On August 1, 1981, Klaus-Peter Braun was deployed to the command post of his border company ( FüSt. Rustenfelde ) in the night elevator to manage border security ( GSi ) in the section of his company. The 24-year-old Roland H. and probably the alarm group were under his control at the command post. The command post was located on an observation tower and equipped with a map table and communications equipment. These larger towers have 3 stories and a larger footprint than normal observation towers. Down in the tower is a toilet and a news room. On the middle floor there are two double bunk beds for the alarm group. This usually consists of 4 soldiers. The actual command post is located on the top floor. From here a professional soldier, usually an officer, leads the border section. At 11:35 p.m. the border signal fence (GSZ) in the hinterland was triggered , whereupon the alarm group left the command post with appropriate orders. It is said that Roland H. duly took his weapon out of the weapon rack to go downstairs with the alarm group. There the alarm group left the command post. Roland H. should then lock the building from the inside and come back to his post leader. Klaus-Peter Braun and Roland H. were now alone. Soldier Roland H. fired three shots at Braun, one of which "penetrated the apex of the heart, opened the lungs, stomach, pancreas and the aorta in the abdomen [...], which led to immediate death". Roland H. left the observation tower, ran straight to the border fence and climbed over it with the help of his carrying frame . Klaus-Peter Braun was buried in his hometown of Bleicherode .

Work-up

Posthumously Braun was promoted to ensign . In the GDR u. a. a clubhouse in Bleicherode named after him.

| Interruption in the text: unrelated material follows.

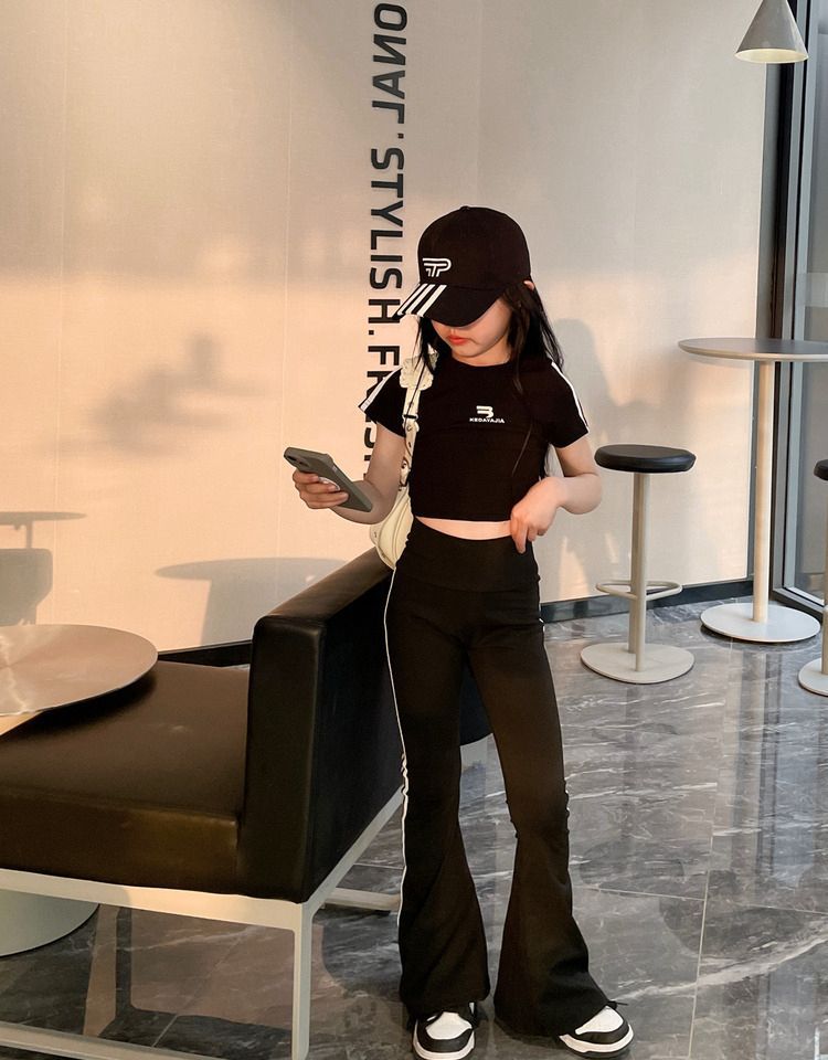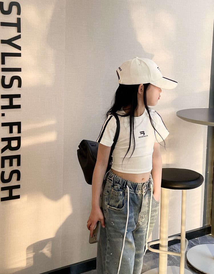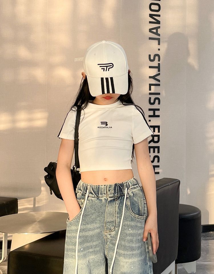 2024 여름 어린이 착용 달콤한 쿨 소녀의 슬림 핏 짧은 코튼 티셔츠 유행 어머니-딸 Parin-child 착용 반팔 최고 트렌디

On 23 July 1982, the condemned Military High Court Leipzig the perpetrators in absentia for murder to life imprisonment . The defendant's defense counsel was Friedrich Wolff . Through investigations by the Forensic Medicine Institute at the University of Jena , the prosecution tried to prove that the gunshot channel of the fatal shot (from the front, diagonally downwards) could only come about through a shot by the standing perpetrator at Braun, who was sitting at the card table, but not in the scuffle, as this was presented in the proceedings in West Germany.

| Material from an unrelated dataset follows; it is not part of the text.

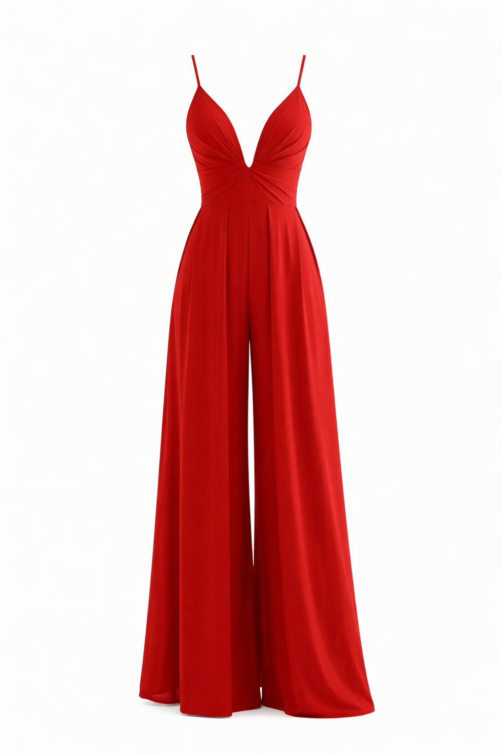 Macacão de cerimónia com corte fluído e calças largas, ideal para eventos elegantes. Apresenta alças finas e decote em bico, conferindo um estilo sofisticado e feminino. Perfeito para ocasiões especiais que pedem um toque de glamour.

In 1983, the condemned District Court Göttingen Roland H. for manslaughter to imprisonment of one year, the probation was suspended. At the trial, the perpetrator stated that he threatened the unarmed Braun with a Kalashnikov and announced that he would flee . Thereupon Braun came up to him and held the gun barrel, whereupon three shots were released. The court followed suit.

literature

  • Friedrich Wolff : Lost processes 1953-1998: my defenses in political proceedings Nomos, Baden-Baden 1999, ISBN 3-7890-6001-1 . (In it Chapter 29: The Death of Sergeant Braun , p. 177ff.)

Web links

Commons : Klaus-Peter Braun  - Collection of images, videos and audio files

Individual evidence

  1. a b The eyes wet with anger . In: Der Spiegel No. 28/1991 of July 8, 1991, pp. 109-110
  2. In: Neue Justiz , Volume 37, No. 1 (1983), pp. 277f. ISSN  0028-3231 .
  3. Regional Court of Göttingen, file number 6 JS 648/81 - 18/83 II.